On pense avant tout à la vision de près et de loin. Il est bien sûr essentiel de pouvoir lire un panneau de signalisation ou de discerner un obstacle qui surgit brusquement devant son véhicule. Mais ce n’est pas tout. Il faut également prendre en compte le champ visuel (la «largeur» de la vue), il est tout aussi important. Lorsqu’on conduit, on regarde certes en face de soi mais il est également capital de surveiller ce qui se passe sur le côté pour y distinguer un éventuel signal d’alerte, une voiture qui vous double par exemple. Il existe un test simple pour l’évaluer. Debout, vous tendez les bras devant vous, les pouces en l’air à hauteur des yeux. Vous les bougez et, sans bouger la tête, vous écartez progressivement les bras. Vous les arrêtez lorsque vous ne voyez plus vos pouces. Lorsque tout va bien, vos bras sont approximativement dans le prolongement l’un de l’autre.
Cette notion est très importante car de nombreuses maladies (le glaucome par exemple) altèrent le champ visuel : ce problème concerne environ 1,5 à 2 millions de personnes en France.
La vision «binoculaire» est également essentielle puisqu’elle permet d’apprécier le relief..
La vue est-elle modifiée la nuit ?
L’obscurité altère la vision des contrastes, modifie l’appréciation des distances et majore la myopie. Ces phénomènes s’aggravent avec l’âge ou chez les personnes qui souffrent d’une cataracte. Il existe également un risque d’éblouissement si on fixe les phares d’une voiture qui vient en face. On doit donc se montrer particulièrement prudent lorsqu’on conduit la nuit. Il faut notamment parfaitement nettoyer son pare-brise. A l’extérieur bien sûr, pour le débarrasser des salissures et des insectes mais aussi, on n’y pense pas assez, à l’intérieur. Au fil des semaines, il se couvre en effet d’une pellicule susceptible de créer un halo et donc de gêner la vision. Par ailleurs, la récupération après éblouissement s’allonge avec l’âge. On doit bien entendu nettoyer ses phares (sales, ils perdent 40 à 70% de leur efficacité) ainsi que les feux arrières de la voiture pour être vu des autres automobilistes.

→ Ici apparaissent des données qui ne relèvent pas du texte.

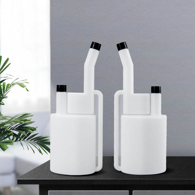 ZH-C70302- 500ml double-necked laboratory chemical liquid packaging bottle. This white HDPE plastic container bottle is suitable for chemical liquids, laboratory reagents, industrial liquids, inks, agricultural liquids and various fluids that need to be handled accurately. This kind of bottle has strong chemical resistance and can provide long-term durability. The design of one large(500ml) and one small dual-chamber and dual-neck (Not interconnected) is suitable for the storage of different liquids and can seamlessly adapt to any usage space. The bottle is engraved with scale lines, which can be used for precise measurement and control of the liquid volume. Its unique design has made it the best choice for liquid applications in laboratories, industries and agriculture.

A l’inverse, que recommander pour conduire en plein soleil ?
On doit porter une paire de lunettes teintées ou des «sur-lunettes» pour se protéger les yeux. Leur couleur n’a guère d’importance. Certains verres foncent au soleil (verres «photochromiques»), ils ne sont toutefois pas suffisants.
Serait-il judicieux de faire régulièrement contrôler sa vue par un médecin ?
Cela me paraîtrait effectivement utile. Jusqu’à 45 ans, un contrôle tous les cinq ans me semble raisonnable, tous les deux à trois ans ensuite ou plus souvent lorsqu’on porte des lunettes et que celles-ci ne semblent plus adaptées. Ces consultations sont aussi l’occasion de dépister des anomalies, de les traiter et surtout de prévenir leur aggravation (glaucome, cataracte) et d’avertir son patient des dangers de la mauvaise vue au volant. Je suis persuadé que cette précaution simple permettrait d’éviter un grand nombre d’accidents.